After what the two companies termed a successful five-week pilot, Albertsons and Fetch Rewards announced that they will roll out the loyalty/rewards program to more than 2,200 supermarkets under 20 different banners.
Fetch describes itself as “a mobile shopping platform that rewards shoppers for buying the brands they love. The Fetch Rewards app gives users the easiest way to save on everyday purchases by simply scanning their receipt. For our brand partners, the platform allows them to understand a 360 degree view of shopping habits, and to meaningfully reward a customer’s individual loyalty … Since launching in 2017, the Fetch Rewards app has been downloaded nearly 19 million times and has nearly 7 million active users.

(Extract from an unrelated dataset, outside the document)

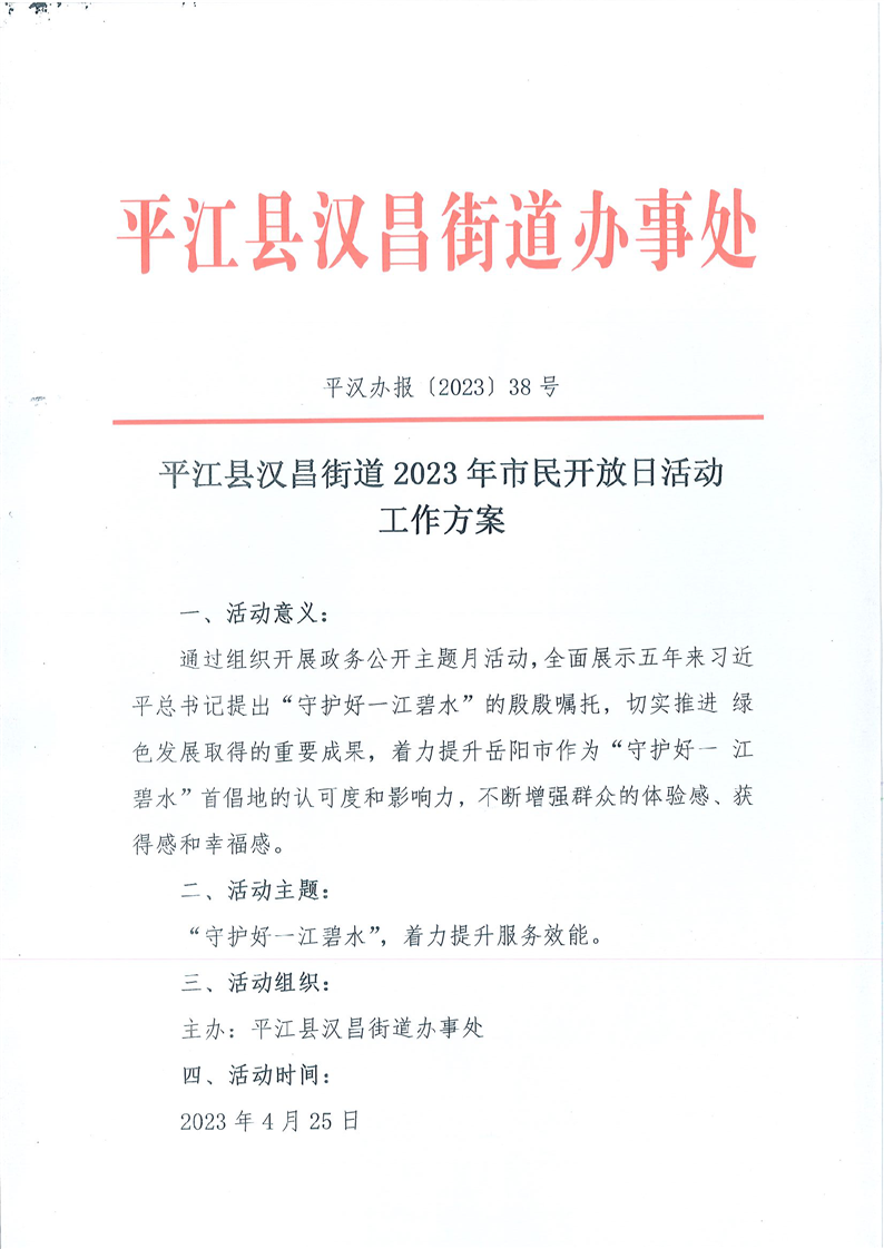 汉昌街道关于组织开展“守护好一江碧水”政务公开月活动方案

To date, Fetch has processed nearly a billion receipts and has delivered more than $120 million in points to its shoppers.”
Albertsons said that the test “resulted in strong incremental sales from existing shoppers. It also drove a significant number of new and re-engaged users to the stores who were established Fetch Rewards fans.”
“We’re constantly looking at innovative and relevant ways to engage with our customers, and after seeing such strong results, we decided to expand the Fetch Rewards pilot to additional stores,” said Usman Humayun, VP of Digital Marketing for Albertsons Cos., in a prepared statement. “This relationship is a win-win for our company and for our customers who use Fetch to earn rewards on grocery, retail and restaurant purchases.”
I tend to have two priorities when it comes to retailer loyalty programs.
First, it needs to demonstrate that the retailer is loyal to the shopper, not just be a vehicle for discounts that try to “buy” loyalty.
And second, it should reinforce the core retailer value proposition; I like it when a program creates a kind of flywheel, as opposed to have them building value for other brands.
One of my recent favorites was a program developed for Price Chopper by tcc, which allows shoppers to use points to help kids pay off student debt – this just struck me as a big, enormously relevant idea.
It will remain to be seen if the Albertsons-Fetch program meets my priorities. On the other hand, Albertsons may not give a crap about my standards, figuring, what the hell does he know.